Yup, our last two HBM SSDs were as dominant over PCIe 4.0 as PCIe 5.0 SSDs are over 5th gen. Of course, we haven’t tested any HBM PCIe 5.0 drives yet, so that’s not the full picture. It will likely be a while before bargain PCIe 5.0 drives are available, but keep an eye out.
By Grapthar’s hammer, what a savings!
If you get the reference, nice to know you. If not, that’s simply a nerdy way of saying that the SN580 is a wonderfully high-performing NVMe SSD that costs a whole lot less than the competition. As long as that situation holds, the SN580 is the SDD you want at this price point.
How we test SSDs
Internal drive tests currently utilize Windows 11, 64-bit running on an X790 (PCIe 4.0/5.0) motherboard/i5-12400 CPU combo with two Kingston Fury 32GB DDR5 4800MHz modules (64GB of memory total). Both 20Gbps USB and Thunderbolt 4 are integrated to the back panel and Intel CPU/GPU graphics are used. The 48GB transfer tests utilize an ImDisk RAM disk taking up 58GB of the 64GB of total memory. The 450GB file is transferred from a Samsung 990 Pro 2TB which also runs the OS.

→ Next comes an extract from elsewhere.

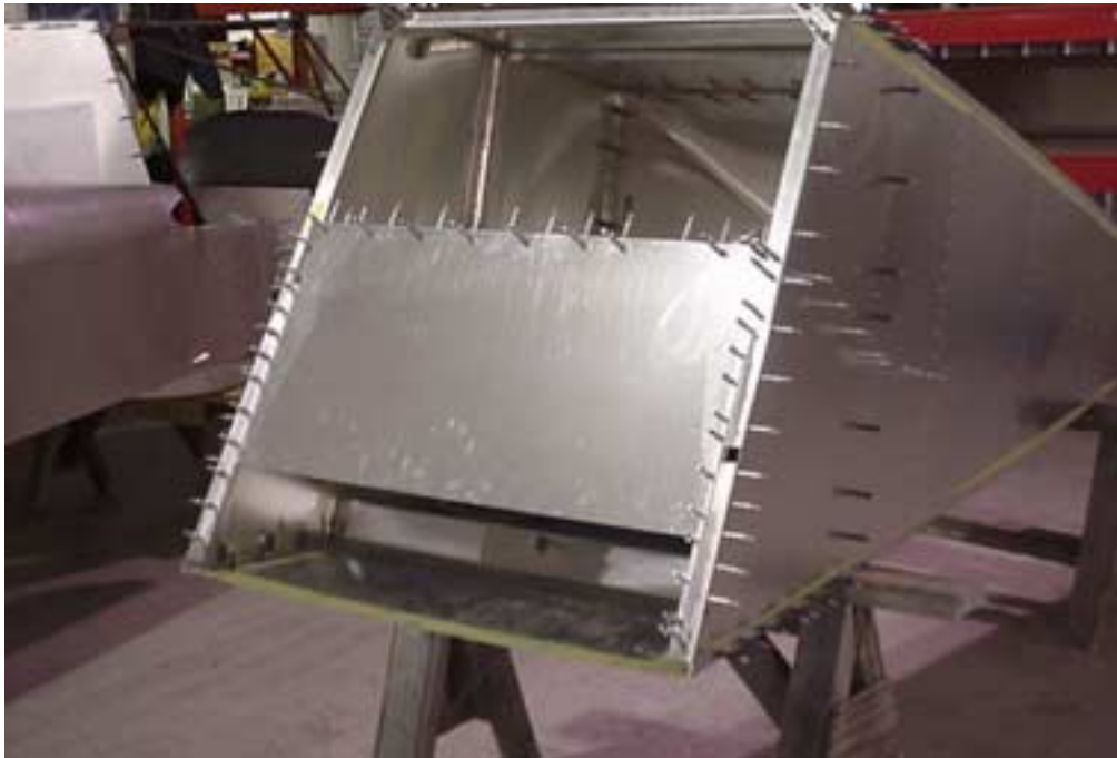
7F6-4 Seat Back

Cut the Seat Back to 7F6. Position the Seat Back flush with the Baggage Floor.

Each test is performed on a newly formatted and TRIM’d drive so the results are optimal. Note that in normal use, as a drive fills up, performance will decrease due to less NAND for secondary caching, as well as other factors.
Caveat: The performance numbers shown apply only to the drive we were shipped and to the capacity tested. SSD performance can and will vary by capacity due to more or fewer chips to shotgun reads/writes across and the amount of NAND available for secondary caching. Vendors also occasionally swap components. If you ever notice a large discrepancy between the performance you experience and that which we report, by all means, let us know.